Но моя роза – не роза мороза,
и не роза с кожей младенца,
и не та, чьё вращенье
столь медлительное, что это движенье –
тайная форма покоя.

Это не роза жаждущая,
не кровоточащая рана,
и не роза, коронованная шипами,
и не роза воскрешенья.

Это не роза с лепестками нагими,
не восковая роза,
не шелковистое пламя
и не огненная вспышка.

Это не роза флюгера, ветрами обрываемая,
и не язва вскрываемая,
и не пунктуальная роза циферблата,
и не компас – морская роза.

Это не роза, как таковая,
а несотворённая роза,
потонувшая роза,
ночная,
бестелесная,
полая роза.

Это роза, ощупываемая во тьме,
роза пламенного продвижения,
роза с розовыми ногтями,
роза подушечек алчных пальцев,
роза пальцев,
слепая роза.

Это роза – звуковая спираль,
слух украшающая,
роза уха.
В высочайшей пене подушки
всегда затерянная роза-ракушка.

Это кровавая роза рта,
роза, наяву говорящая,
так, словно она спящая.
Это полураскрытая роза,
из которой хлещут тени,
роза требухи,
сжимающейся и растягивающейся,
сысканная, разысканная, изысканная.
Это роза губ,
раненая роза.

Это роза, поднимающая веки,
роза бдящая,
наблюдающая,
роза бессонницы, глаз не смыкающая.

Это роза дыма,
роза пепла,
чёрная роза дыма-алмаза,
молчаливо сверлящая тьму
и не занимающая место в пространстве.

Д. Б. А Вы не переводите сами?

А. Д. Пока не перевожу.

Д. Б. А что мешает?

А. Д. Страх, тревожность. Боюсь испортить оригиналы. Понимаю, что переводчик не должен с таким пессимизмом подходить к делу, но, когда вижу, насколько там… насколько всё совершенно – фонетически, просодически – впадают в панику и цепенею. Но таки не теряю надежды, что рано или поздно начну переводить. И начать хочу именно со стихов «Современников».
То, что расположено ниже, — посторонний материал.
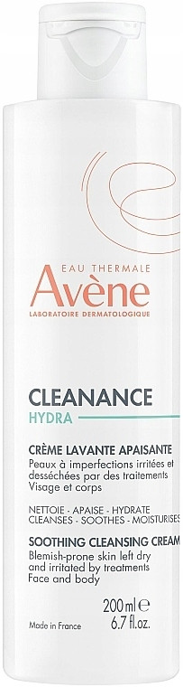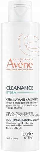 Avene Cleanance Hydra to oczyszczający krem o działaniu łagodzącym. Kosmetyk oczyszcza naskórek, jednocześnie chroniąc wrażliwą skórę wysuszoną i podrażnioną wskutek przeciwtrądzikowego postępowania farmakologicznego. Produkt pielęgnacyjny zawiera Wodę Termalną Avène oraz siarczan dekstranu, które koją podrażnienia i łagodzą zaczerwienienia skóry. Dzięki ich właściwościom Cleanance Hydra oczyszczający krem łagodzący zwiększa komfort skóry poprzez uzupełnienie poziomu lipidów.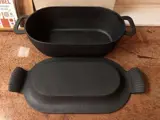 Zeer zwaar en robuust en kan ook nog zo boven het vuur worden gebruikt en kan zo vol in de oven.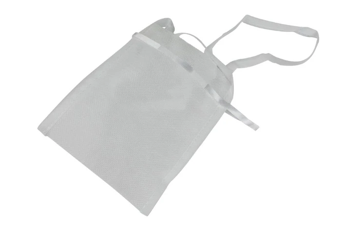 Saco branco translúcido com cordão e alça sobre fundo branco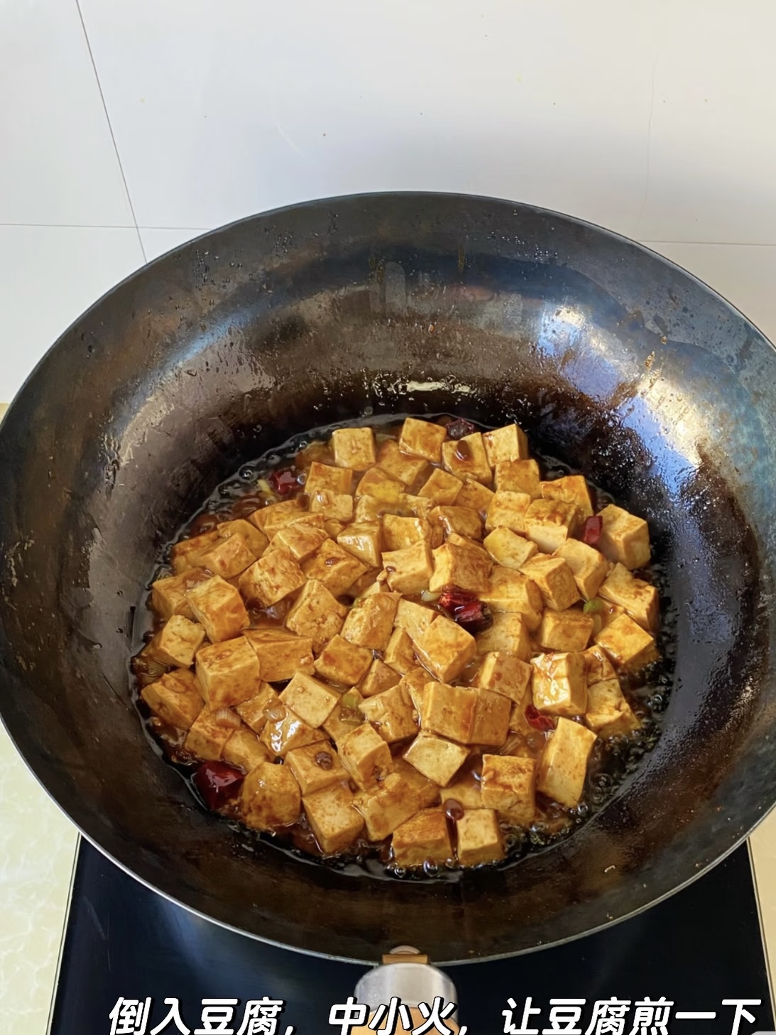 平底锅预热到冒烟,倒油铺满锅底,油热轻轻下豆腐,先不动,让表面定型30秒再推,中小火煎至四面金黄,边缘起泡像“蕾丝裙”,约4分钟。煎完把豆腐推到一边,空出的“黄金位置”倒入酱汁,转小火,让豆腐在“琥珀温泉”里泡澡,用勺背不停淋顶部,3分钟后酱汁变浓,像给豆腐穿件“黄金风衣”。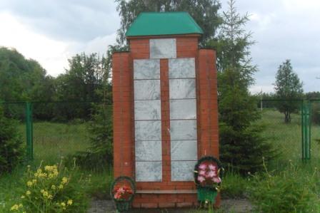 КРАТКОЕ ОПИСАНИЕ: Кирпичный памятник в форме прямоугольника, мраморные таблички с фамилиями погибших. Размер: 1,6х3м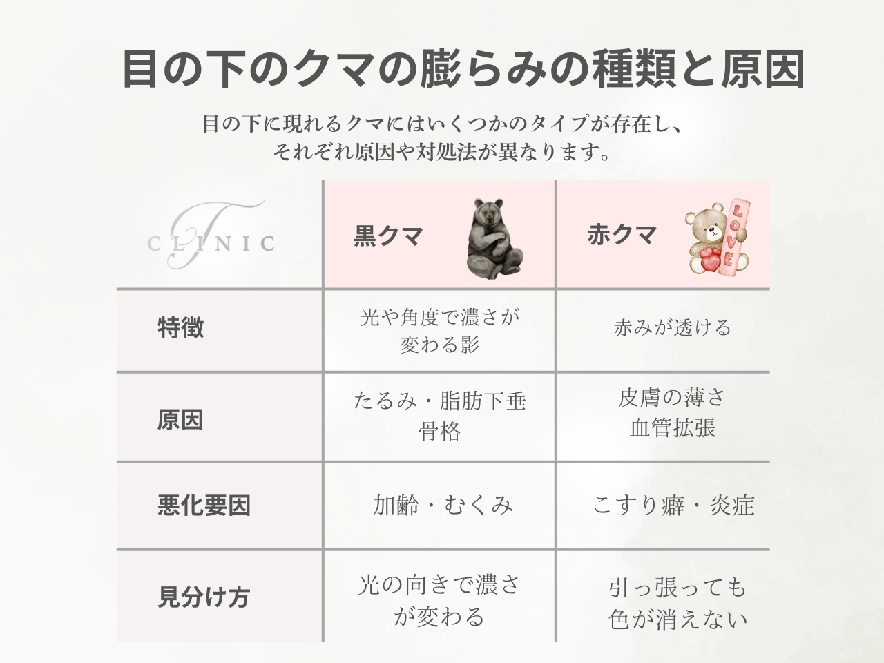 本記事では、目の下に現れるクマの膨らみに悩む方へ向けて、種類・原因・対処法・クリニック選びまで幅広く解説しました。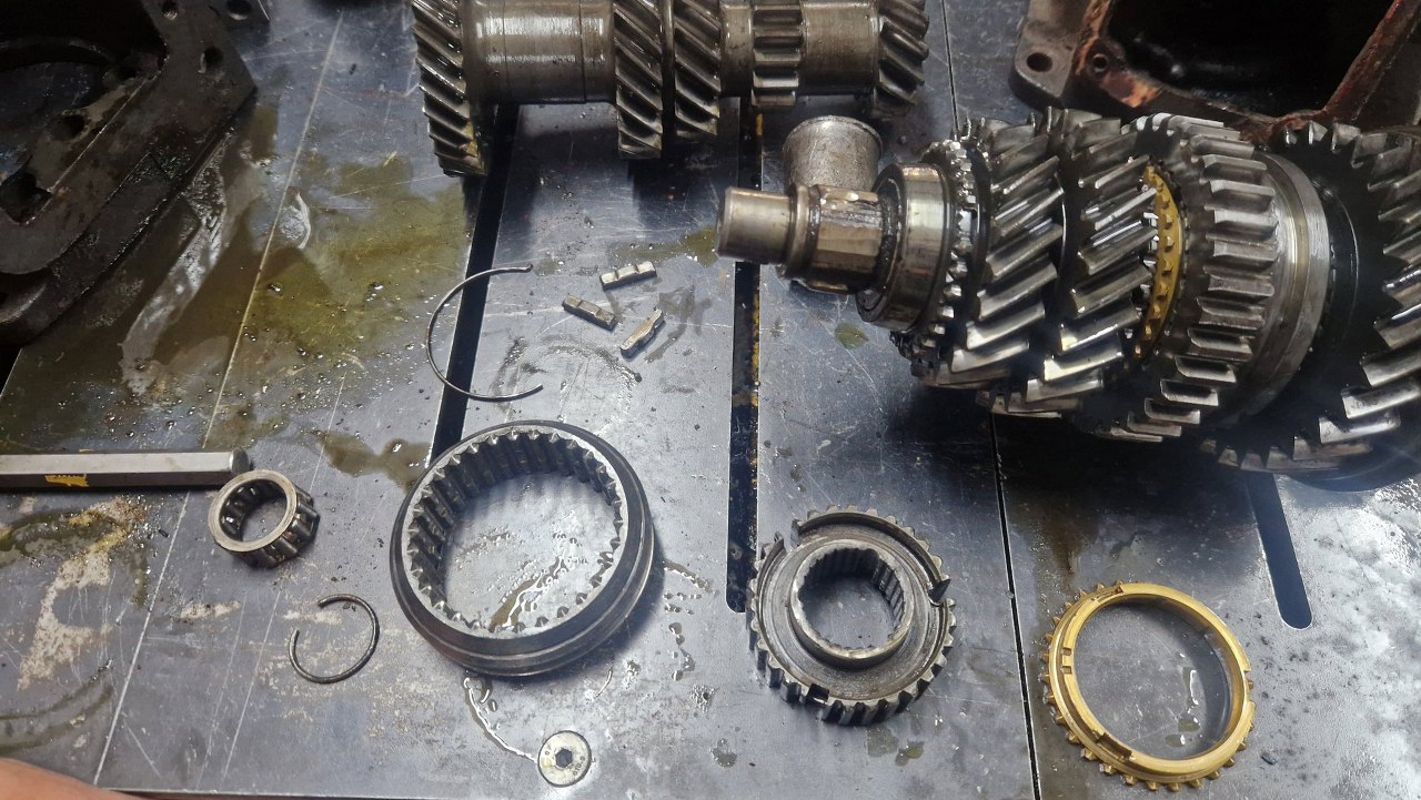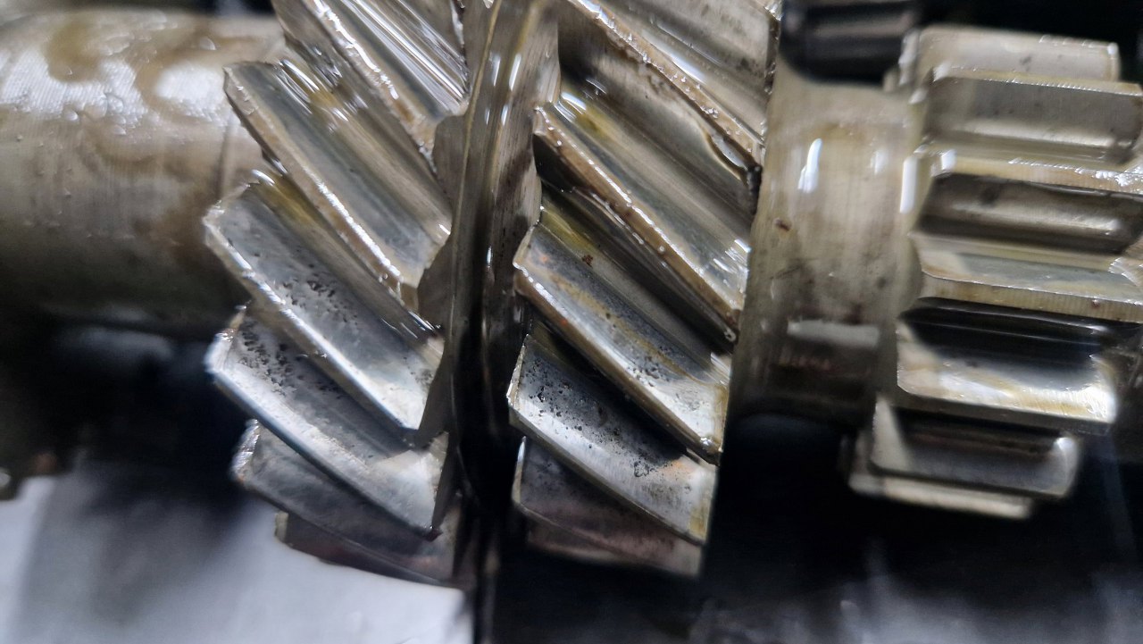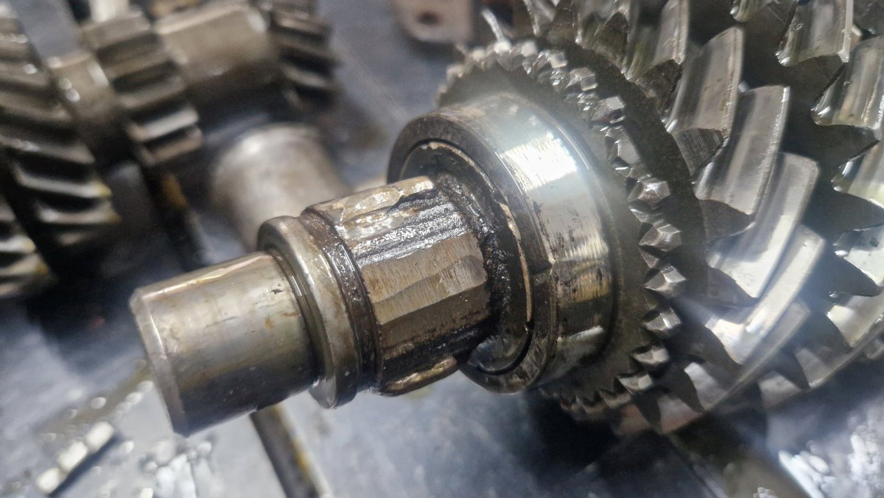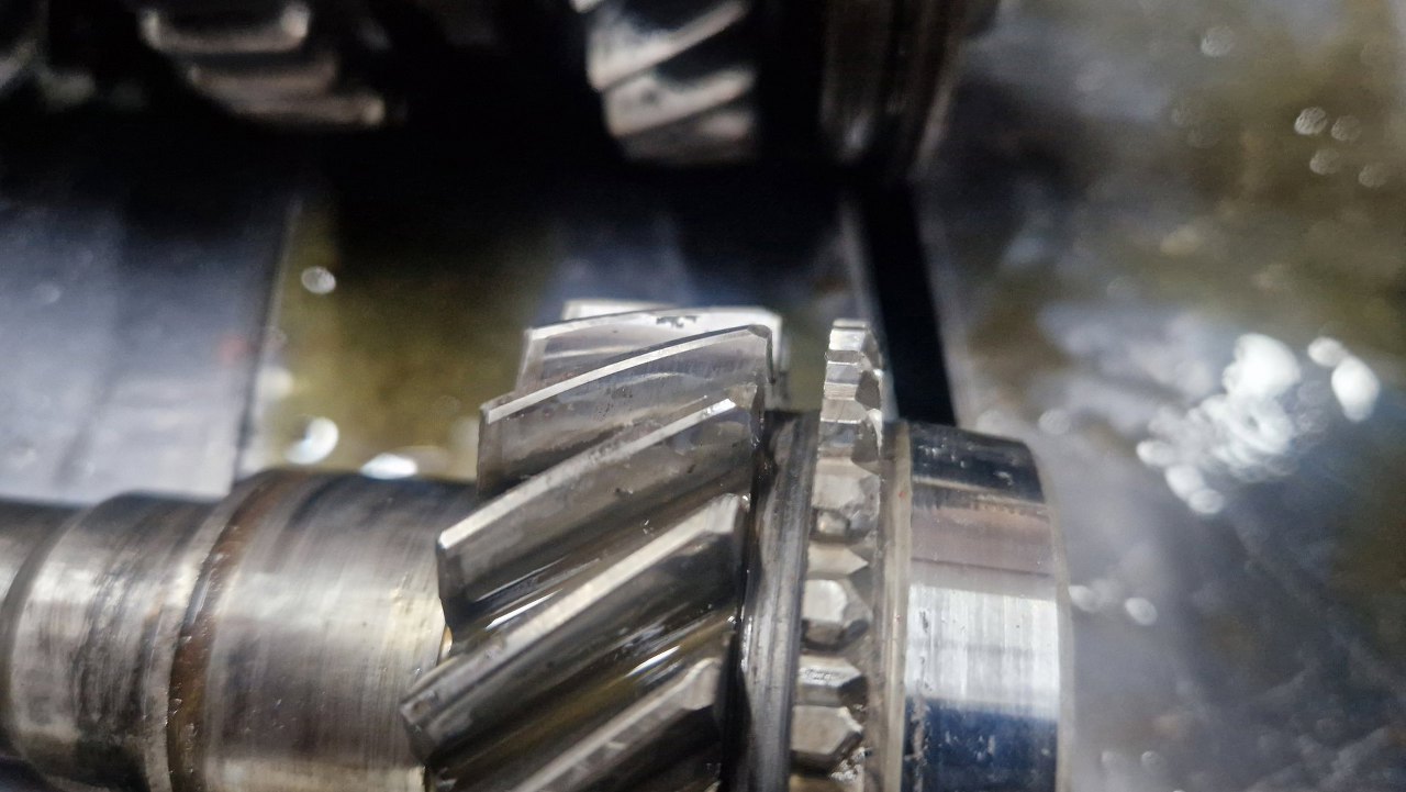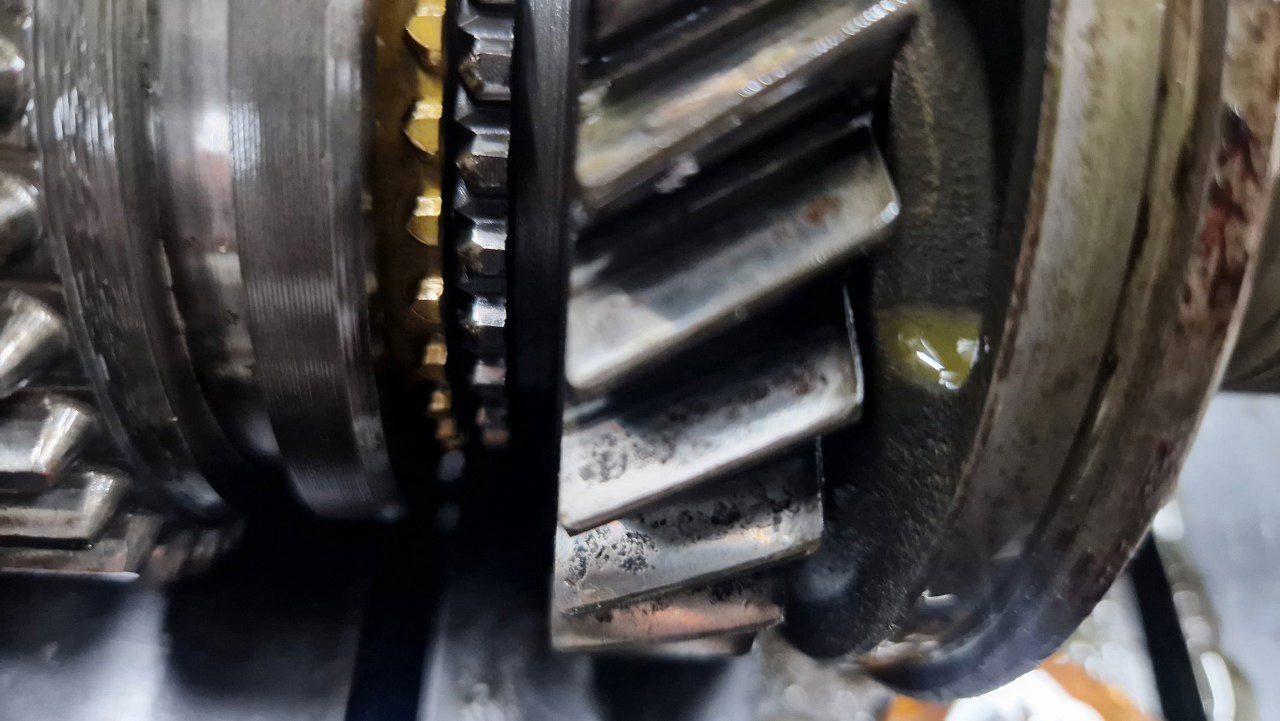 Zęby poszczególnych biegów i na choince i na wałku wyjściowym niestety mają mocne wżery od korozji - to te małe otworki. Czyli w zasadzie nie bardzo jest z czego tą skrzynię odbudowywać.

Д. Б. А повлиял ли испанский язык на Ваше поэтическое творчество?

А. Д. Не знаю, повлиял ли испанский, но испаноязычная поэзия очень повлияла. В тех стихах, что будут опубликованы в «Эмигрантской лире», кажется, уже больше испанского, чем русского. Даже просодически.

Д. Б. Как Вы относитесь к такому постулату: «Не звучит – не поэзия!» Если стихотворение не звучит, значит это не поэзия.

А. Д. Да, я полностью его разделяю. Мне кажется, что изначально поэзия рождается из звука, из ритма. Она и есть, собственно, звук и ритм. Для меня на любом языке: не звучит – не поэзия. Тоже самое касается и переводов. Поэтому мне так страшно приступать к ним.

Д. Б. И всё-таки. Вы существуете в русской поэзии. В русской традиции, которая так или иначе, вбирает в себя, как губка, и испанские тональности Ваших стихов. Что Вам близко в русской поэзии, в том числе и сего дня?

А. Д. Назову четыре имени. Хотя не думаю, что эти поэты повлияли на меня как на автора. Зато очень повлияли как на читателя. Это уже упомянутый Иван Жданов, недавно ушедший Андрей Тавров, мой соотечественник Шамшад Абдуллаев и молодой поэт Алексей Порвин. Повторю, я совсем не чувствую, что под их влиянием начинаю писать по-другому. Мне бы этого, может быть, и хотелось, но нет.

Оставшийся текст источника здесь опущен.